MNIST Tutorial

Complete walkthrough of federated learning with the MNIST handwritten digit dataset. This tutorial demonstrates the core concepts of federated learning using a classic computer vision problem that’s perfect for learning the fundamentals.

What you’ll accomplish:

  • Set up federated learning with multiple simulated participants

  • Train a neural network across distributed nodes without centralizing data

  • Monitor real-time training progress and convergence

  • Analyze results and compare with centralized training

  • Understand privacy preservation and communication efficiency

Prerequisites:

Tutorial Overview

This tutorial uses the MNIST dataset of handwritten digits (0-9) to demonstrate federated learning. We’ll simulate a scenario where multiple participants (hospitals, schools, or organizations) want to collaboratively train a digit recognition model without sharing their raw data.

Key Learning Objectives:

  1. Data Partitioning: How to distribute data across federated participants

  2. Federated Averaging: How model updates are aggregated across participants

  3. Privacy Preservation: How raw data never leaves its origin

  4. Communication Patterns: Efficient communication between participants and server

  5. Convergence Analysis: How federated learning converges compared to centralized training

Architecture Overview

Our MNIST federated learning system uses 4 types of tasks:

┌─────────────┐    ┌──────────────┐    ┌─────────────┐    ┌───────────────┐
│   Worker    │ -> │  Aggregator  │ -> │    Test     │ -> │   Scheduler   │
│  Training   │    │  (FedAvg)    │    │ Evaluation  │    │ Coordination  │
└─────────────┘    └──────────────┘    └─────────────┘    └───────────────┘
       ^                                                            |
       |                                                            v
       +------------------------------------------------------------+
                         (Next Round if not converged)

Task Responsibilities:

  • Worker Training: Performs local SGD on each participant’s data

  • Aggregator: Combines model updates using federated averaging

  • Test Evaluation: Tests the global model on held-out test data

  • Scheduler: Controls training rounds and checks convergence

Setting Up the Environment

1. Get the MNIST Example:

# Navigate to the MNIST example directory
cd examples/fl_pytorch_mnist

2. Install Dependencies:

pip install -r requirements.txt

The requirements include: - PyTorch for neural network training - torchvision for MNIST dataset handling - manta-core for federated learning orchestration - numpy for numerical computations

3. Prepare the MNIST Dataset:

python prepare_data.py

This script: - Downloads the MNIST dataset (if not already present) - Creates data partitions simulating different participants - Stores partitioned data in ../../temp/partitioned/mnist/

4. Verify Data Preparation:

ls ../../temp/partitioned/mnist/
# Should show: node_0/ node_1/ node_2/ ... (one per participant)

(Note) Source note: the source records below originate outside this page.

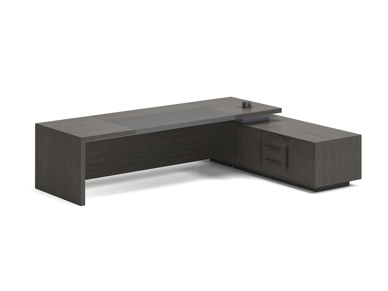 1.工藝:見光面采用E0級中密度纖維板+0.6mm天然木皮做水性漆,非見光面采用E0級刨花板貼三聚氰胺飾面; 2.封邊:見光面天然木皮封邊,非見光面采用優質PVC封邊; 3.細節:臺面、副柜做海棠角工藝,上下左右各留3MM工藝垂直倒角,臺面內嵌皮墊 4.配件:“BMB”緩沖門鉸+“BMB”緩沖三節導軌+機械密碼鎖+新款通體拉手+鋁合金散熱蓋; 6.走線:副柜內部走線,內配?80圓形過線盒,配OV鋁合金線盒; 7.班臺分左右; 8.選配:桌面可配無線充按彈電源,
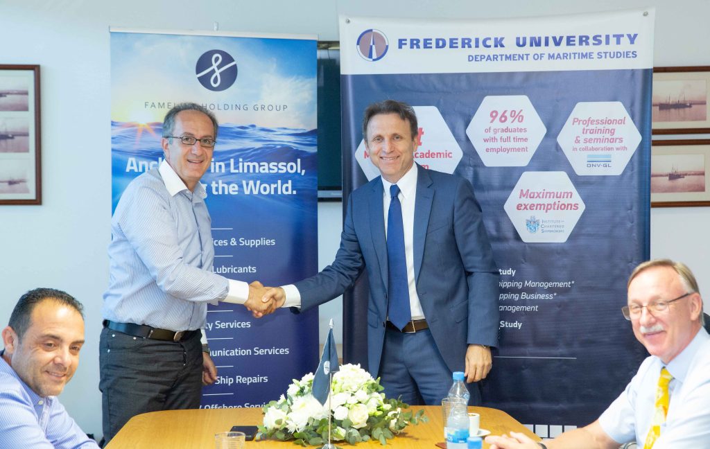 MOU WITH FREDERICK UNIVERSITY Limassol, Cyprus, 27th of June 2019 – Fameline Holding Group (FHG) has signed an MOU with Frederick University at Fameline Building, on the 27th of June 2019. FHG will award every 2 years a full 4-year scholarship to an undergraduate student of Maritime Studies. The scholarship has a socio-economical character where blended with academic […]
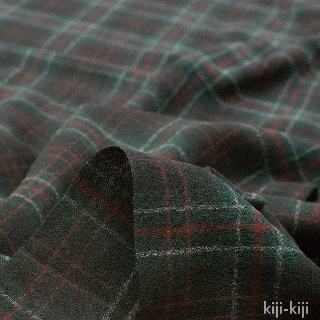 [ ウール ] Wool Gauze Check|2/48ウール|タンブラーワッシャー|deep green|9231-7
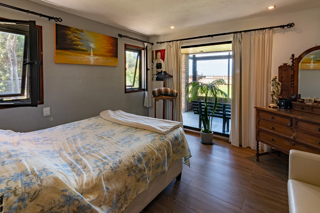 CASA BELLA VISTA MALDONADO BLAMIMAR CA500958 En el balneario Bella Vista frente al mar, a solo unos minutos de Piriápolis ubicamos la siguiente propiedad de gran porte de solida construcción tradicional sobre u terreno de 2389mts². En su interior se encuentra living comedor en desnivel con estufa a leña, mediante puerta en madera de buena calidad da paso amplio y luminoso living con vistas al mar, desde donde se puede acceder a una lujosa cocina con mesada e isla de mármol negro, muebles aéreos y bajo mesada en madera. Por pasillo de distribución ubicamos baño completo, tres dormitorios, uno de ellos siendo el principal, cuenta con vestidor, baño en suite y vista al mar. En la parte trasera de la casa se desarrolla una gran y luminosa barbacoa con todas las comodidades, incluyendo parrillero, cocina y horno a leña, baño y cuarto de servicio desde ahí se puede acceder a un espacioso garaje y una piscina climatizada y techada con baño completo. Por último, en el exterior de la propiedad, se encuentra un gran parque cercado, con tajamar brindándole un entorno natural siendo perfecto para el disfrute y actividades al aire libre.
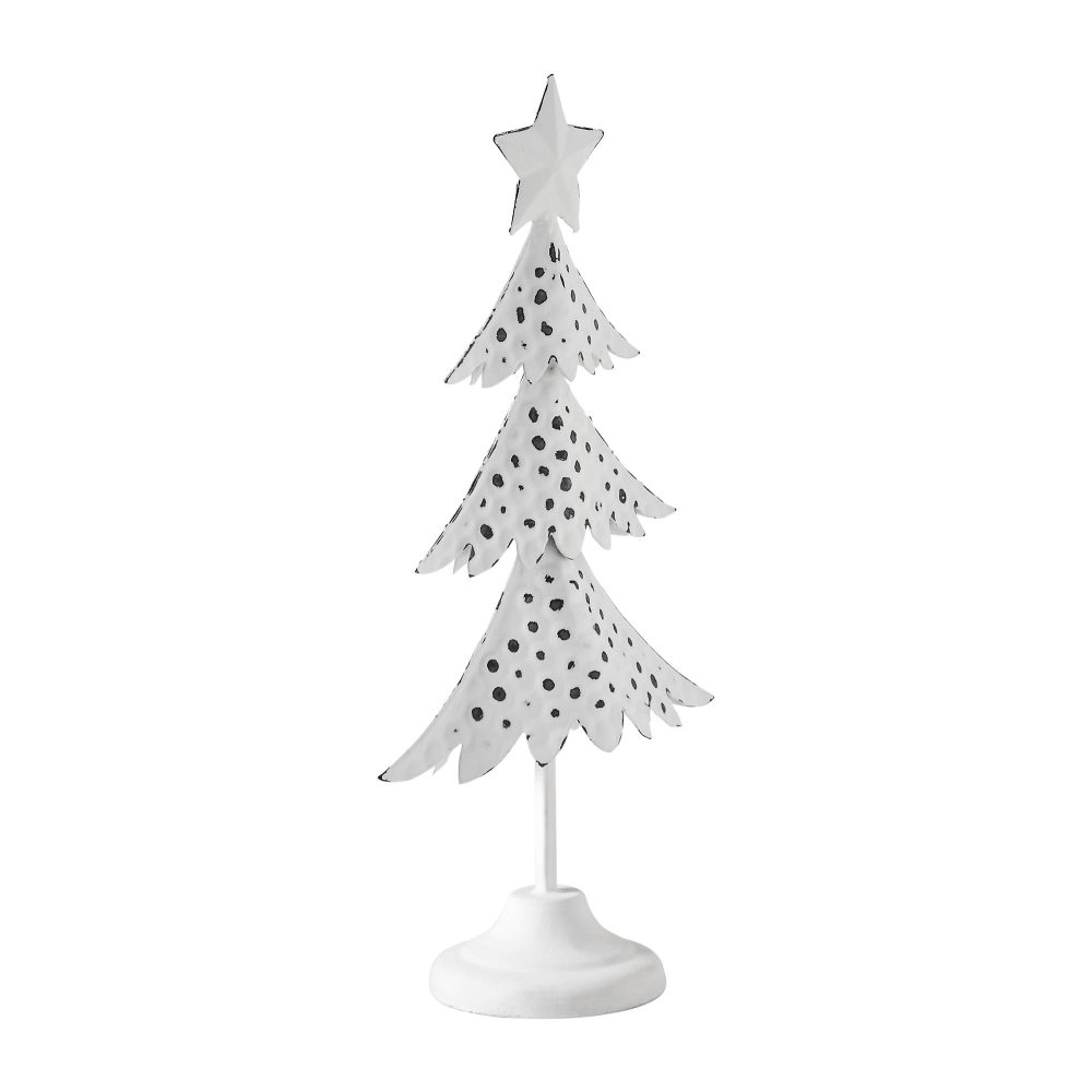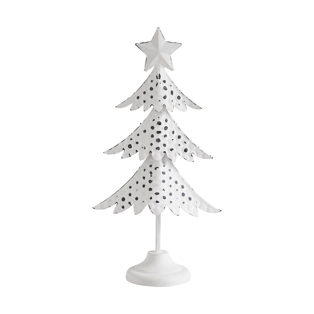Enhance the ambiance of your winter and Christmas decor with the timeless elegance of the VHC Brands Metal Christmas Tree Antique White Figurine. Standing at 11.25 inches tall, this charming metal figurine embodies the spirit of the holiday season with its classic design and rustic allure. Crafted from sturdy metal, this figurine features a delightful Christmas tree silhouette complete with intricate details and a star topper, adding a touch of festive whimsy to any tabletop or shelf. The antique white finish exudes a vintage-inspired charm that complements a variety of decor styles, from traditional to rustic. Its primitive and rustic aesthetic enhances its cozy appeal, making it a versatile accent piece for your dining room, entryway, or living room decor. Whether displayed on its own or paired with other holiday decorations, this figurine brings a sense of nostalgia and warmth to your home during the winter months and Christmas festivities. Maintaining the pristine appearance of this metal Christmas tree is effortless - simply wipe it clean with a soft cloth as needed to keep it looking its best throughout the holiday season. With its enduring charm and distressed appearance, the VHC Brands Metal Christmas Tree Antique White Figurine adds a touch of vintage-inspired beauty and holiday cheer to your indoor decor, making it a cherished part of your winter and Christmas celebrations for years to come.
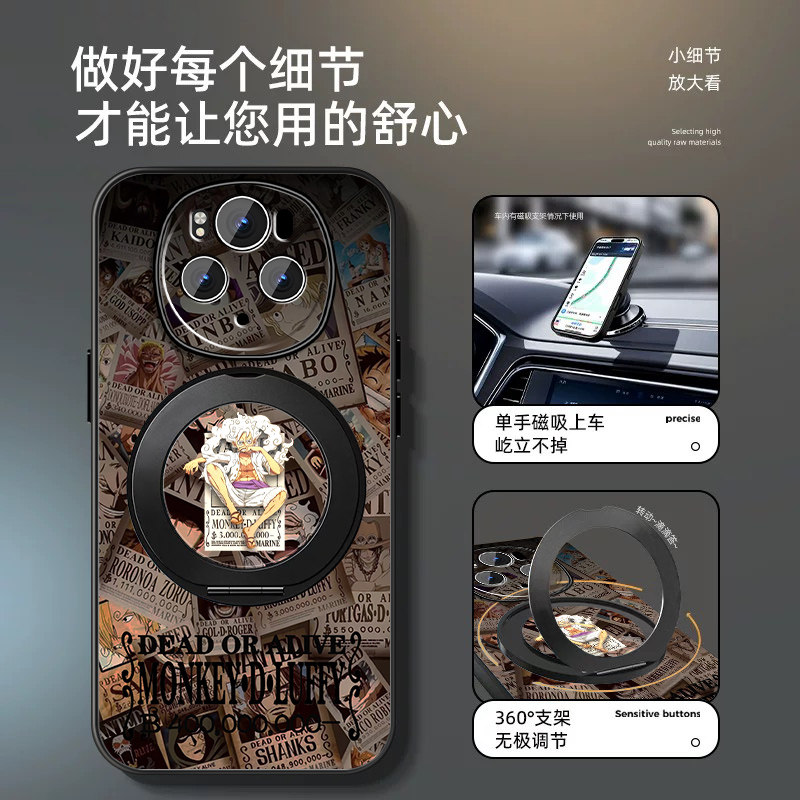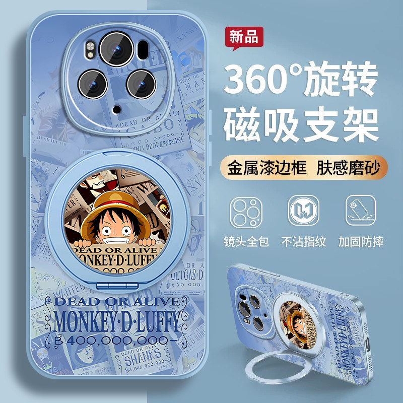 适用华为荣耀magic6手机壳荣耀magic6pro新款hono魔术6海贼王路飞旋转支架套全包防摔硅胶男动漫磁吸支点外壳
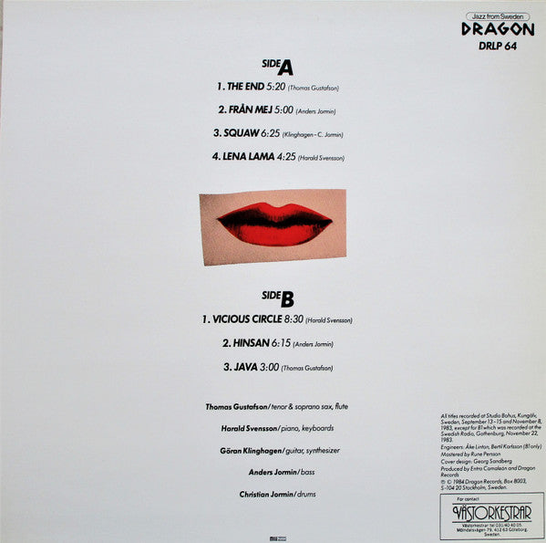 All titles recorded at Studio Bohus, Kungälv, Sweden, September 13-15 and November 8, 1983, except for B1 which was recorded at the Swedish Radio, Gothenburg, November 22, 1983.
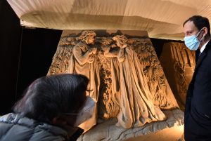 «Questo presepe – ha detto il governatore al termine della vista – ha già ricevuto le visite di moltissimi turisti non solo della nostra regione, ma anche dei territori contermini. Quella allestita a Lignano è una vera e propria opera d’arte realizzata con materiale del nostro territorio, la sabbia, che è il cuore di questa località. Le magnifiche sculture qui esposte – ha concluso Fedriga – mettono assieme un capolavoro della letteratura mondiale con un altro simbolo universale che è quello della Natività, offrendo così un messaggio di bellezza e di speranza all’intera collettività».
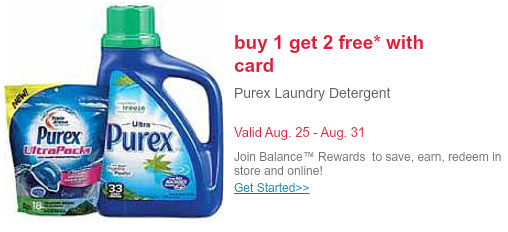 Walgreens currently has Purex laundry detergent buy one get 2 free (you will need their store card in order to get this deal, cards can be obtained free of charge in store)
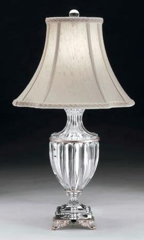 #Single Light Small Table Lamp from the Dynasty CollectionLamp of a thousand uses. ItÂ's diminutive, so itÂ'll fit anywhere. ItÂ's neutral, so it blends in anywhere. ItÂ's elegant enough for a formal decor, and simple enough for a sparely furnished room. The elaborate 8-sided shade has a shantung look and is trimmed with embossed Euro braiding. Crystal lovers will admire the lead crystal urn, clear crystal finial and solid lead crystal base. Baroque cast feet.Single light up lighting table lampFeaturing a shantung looking shade trimmed with embossed Euro braidingRequires 1 60w Medium base bulb (not included)Dimmer switch

Understanding Data Partitioning

The prepare_data.py script creates realistic data distributions:

Default Partitioning (Non-IID):

# Each participant gets 2 digit classes
participant_1: digits [0, 1] (3000 samples)
participant_2: digits [2, 3] (3000 samples)
participant_3: digits [4, 5] (3000 samples)
participant_4: digits [6, 7] (3000 samples)
participant_5: digits [8, 9] (3000 samples)

This simulates realistic scenarios where: - Different hospitals specialize in different conditions - Different schools have students from different demographics - Different organizations collect different types of data

Alternative Partitioning Options:

You can modify prepare_data.py for different scenarios:

# IID Partitioning (uniform distribution)
def create_iid_partitions(dataset, num_participants):
    # Each participant gets random samples from all classes
    samples_per_participant = len(dataset) // num_participants
    return random_split(dataset, [samples_per_participant] * num_participants)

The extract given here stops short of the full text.